— Зачем? — спросил Михаил.
— А потому как правды нет. Где правда? Люд кругом с голоду гибнет, а в житницах хлеб запрятан. Я два монастыря пограбил и трех помещиков, везде хлеб находил, раздавал голодным. Не знаю, есть ли правда в иноземных краях, а в нашей московской земле ее давно закопали. Чего я разбойником стал и хотел ли того? Всего-то нужно было с Оленкой своей миловаться. И того не дали. Схватили, мучать грозились, не смеешь, мол, чернь, с боярышней царской ровняться.
Принесли сколоченный наспех столик, расставили еду и питье. Терешка важно прохаживался поодаль.
— Видел разбоев моих? С виду лесные звери. Но подожди, приодену их, грамоте научу. Уйду в леса, город себе построю, будут там жить все равные, ни бояр, ни князей.
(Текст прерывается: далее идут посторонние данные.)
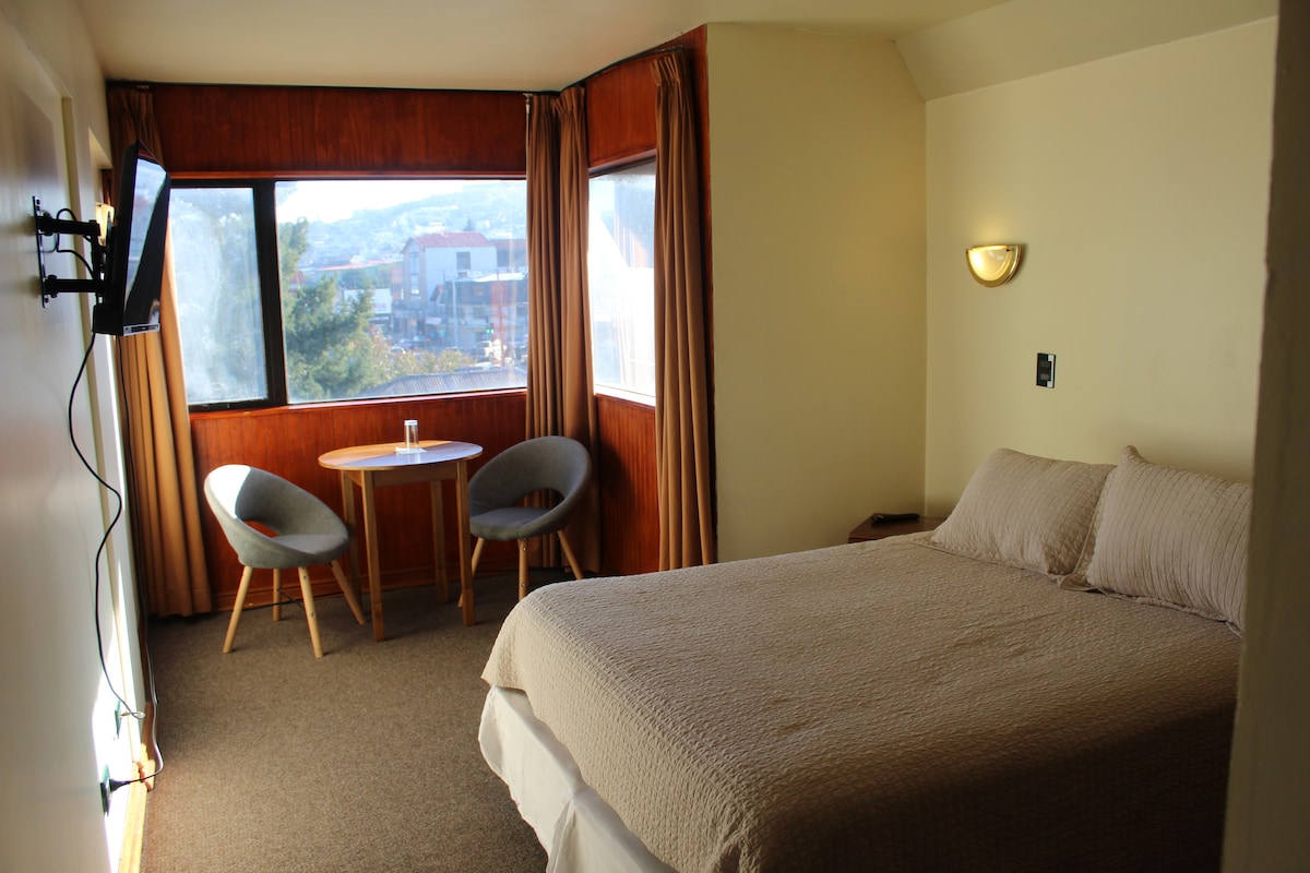 Disfruta de una estadía en Puerto Montt en uno de los hoteles más centrales y económicos de la ciudad. La reserva incluye una habitación del hotel con la posibilidad de agregar desayuno por un valor de 5.000/persona a cancelar en el mismo Hotel. Estamos ubicados a pasos de los principales centros comerciales de la ciudad, de la Plaza de Armas, y diversos restaurantes. La estadía incluye la habitación con calefacción, smart tv y baño privado dentro de la misma habitación. ¡Te esperamos!

— Как же равные? Вот ты атаман, стало быть, уже голова и приказчик.
— Я для порядка.— Нечай махом выпил кружку романеи.— Ух, давно вин не пивал. Я для порядка. У меня рука справедливая, я не обижу. Пей, Туренев, не сразу хочу тебя отпускать. Человек ты ученый, то сразу видно, любо с тобой говорить. Ты на Москву едешь, и в ноги я тебе поклонюсь с просьбой.
Нечай встал и низко поклонился Туреневу.
— Дай весть Оленке моей. То дело божеское, меж человеками. Любовь была промеж нас. Уж и не знаю, как живет-то, томится. Может, и померла без меня. Ты ведь жениха для царевны везешь, стало быть, близко там будешь.
— Как же я дам эту весть? Порядки на дворе государевом строгие.
— Остался у меня в Москве сотоварищ, стрелец Протатуй Пронка. Он в дело мое вошел. Ему лишь сказать, а он уж доведет до Оленки. Сказать ей, что жив, мол, Нечай, не забыл свою ладу и придет еще на Москву.
Нечай приблизил к Михаилу разгоревшиеся голубые глаза и выдохнул с жаром:
— Добром не отдадут, силой возьму.
— Уж не приступом ли будешь брать Кремль?
— А что? — сказал Нечай.— Сейчас целое войско можно собрать, было б хотенье. Прийти на Москву да посадить истинного царя.
— Нынешний разве не истинный?
— Истинный царь то Дмитрий, сын Иоанна Грозного.
— Так он мертв.
Нечай усмехнулся:
— Сколько ты лет по иным-то странам таскался?
— Да пять уж будет.
— То-то. Уж и не знаешь, что на Руси деется. Дмитрий-царевич жив, об этом молва пошла. Спасся он чудодейственным образом, а вместо него подложили другого.
Терешку вон видишь? — И Нечай рассказал Михаилу Терешкину историю.
Михаил задумался.
— Душегубы,— сказал Нечай,— Говорю тебе, истинный царь не допустит того. Скидывать надо Бориску.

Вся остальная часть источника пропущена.